Write a function that checks if the inputted argument is even, odd, a float, or not a number (NaN).

#### Exercise 2
Starting with the list below, construct a `while` loop that returns the [Fibonacci numbers](https://en.wikipedia.org/wiki/Fibonacci_number) and terminates only when the most recent number is greater than 5000.

#### Exercise 3
Define a function that checks if an inputted integer is prime. Test your function on the following numbers: 
>1411, 1147, 2327, 2683, 33233

Only one number above is not prime. 

As an added challenge, if the tested integer is not prime, have the function return a number the integer is divisible by.

## Part 3: Basic NumPy Operations
a) Generate an array of numbers 0-24. Reshape to a 5x5 matrix.

b) Extract the diagonal of this matrix.

c) Multiply the matrix by an identity matrix of the same shape. Confirm that it is identical to the original.

Hint: Use `np.all` command to confirm all equal. 

d) Return the indices of the matrix where the elements are greater than 15.

e) Using `np.where`, set all elements of the matrix greater than 15 to 1, else 0.


f) Set all elements of the matrix greater than 15 to 2, less than 5 to 1, else 0.

Hint: `np.where` can be passed as an input to `np.where`.

g) Define a demean function.

h) Apply the demean function across each row of the matrix.

## Part 4: Example Dataset

In this exercise, you will be using NumPy to manipulate and analyze simulated recording data. 

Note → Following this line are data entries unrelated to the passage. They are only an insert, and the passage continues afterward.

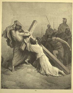 Dulcíssimo Jesus, carregado com a pesada Cruz, caído por terra, levado ao Calvário, como o cordeiro em matadouro.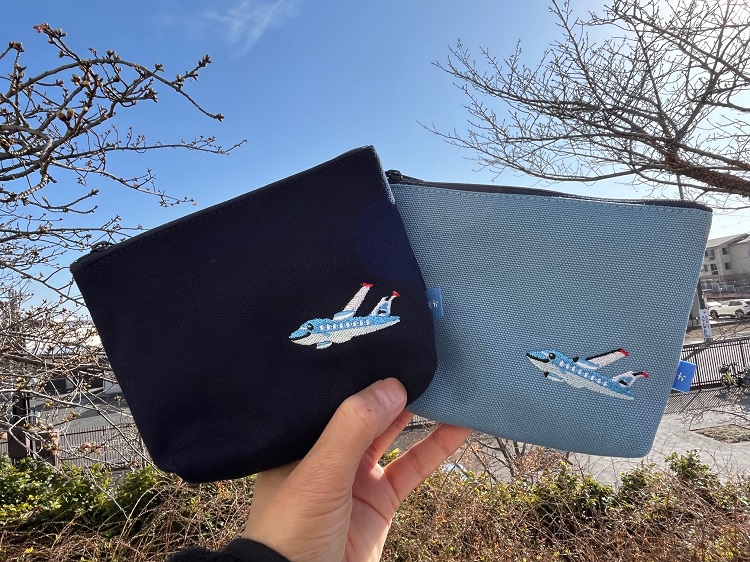みぞか刺繍マチ付きポーチ(青・水色・各2200円)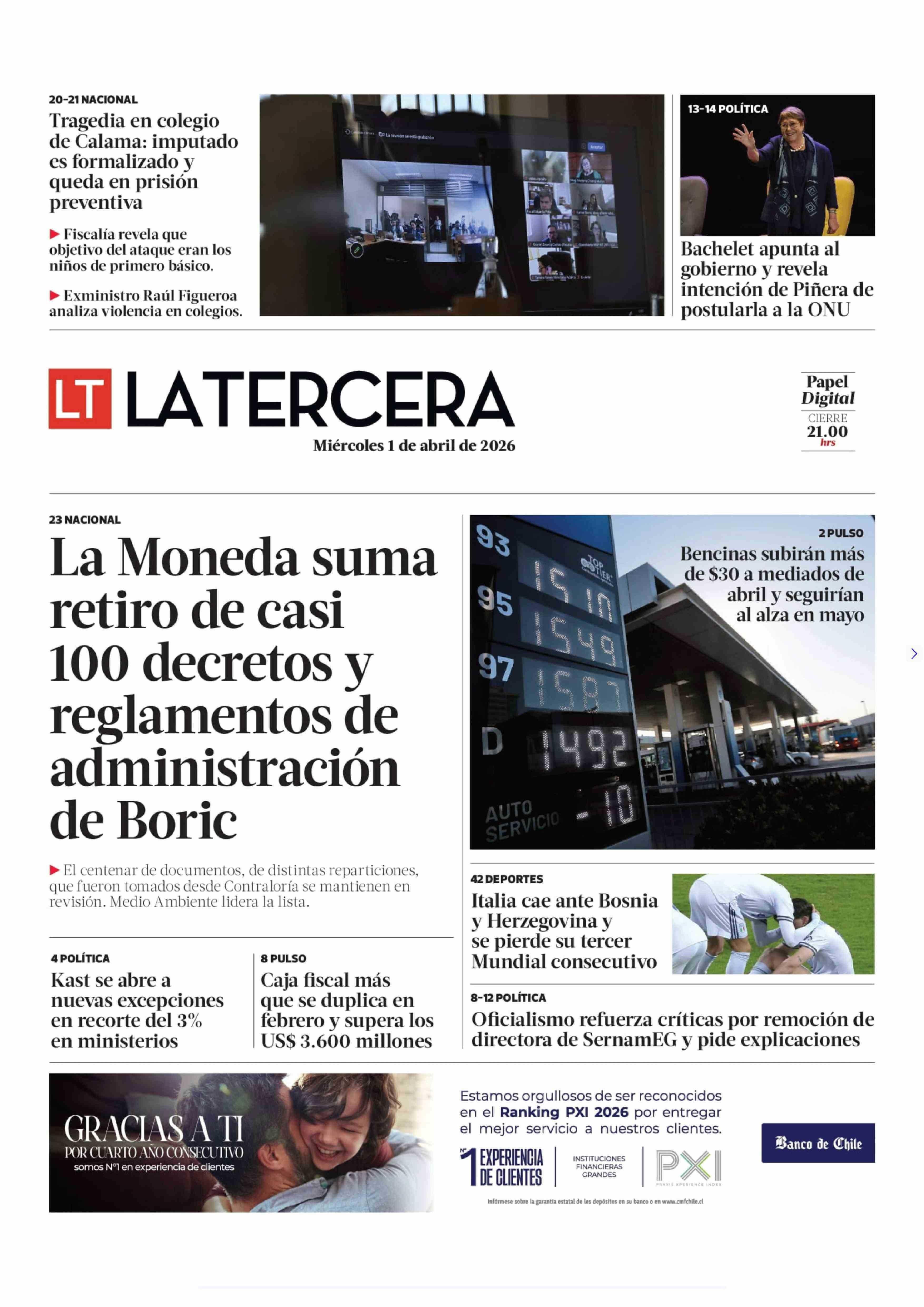 PORTADA LA TERCERA CHILE

Imagine you have recorded the response of several neurons to some input stimuli. A week later, when you have to make a figure, you cannot remember exactly what you did. Luckily for you, you have the data and a description of each variable: 

| Variable  | Description |
|:---------:|-------------------------------------------------------------------|
| spikes  | Binary matrix, (n_trials, n_samples).<br>_1_ = spike was detected.<br>_0_ = no spike was detected. |
| times   | The start time of each sample. |
| neurons | An array denoting the neuron identity for a trial. |
| stimuli | An array denoting the stimulus used for a trial. |
| sfreq   | The sampling frequency of the recording. |

Work on the exercises below. By the end, you should be able to answer some questions about this dataset.

In [None]:
import numpy as np

## Load compressed file and extract data.
npz = np.load('spikes.npz')    
spikes = npz['spikes']               # Raw spike data.
times  = np.round(npz['times'],3)    # Recording time info.
neurons = npz['neurons']             # Neuron identifier
stimuli = npz['stimuli']             # Stimulus identifier
sfreq = float(npz['sfreq'])          # Sampling frequency

#### Exercise 1: Interrogating the Data

a) What is the shape of the raw spiking data? 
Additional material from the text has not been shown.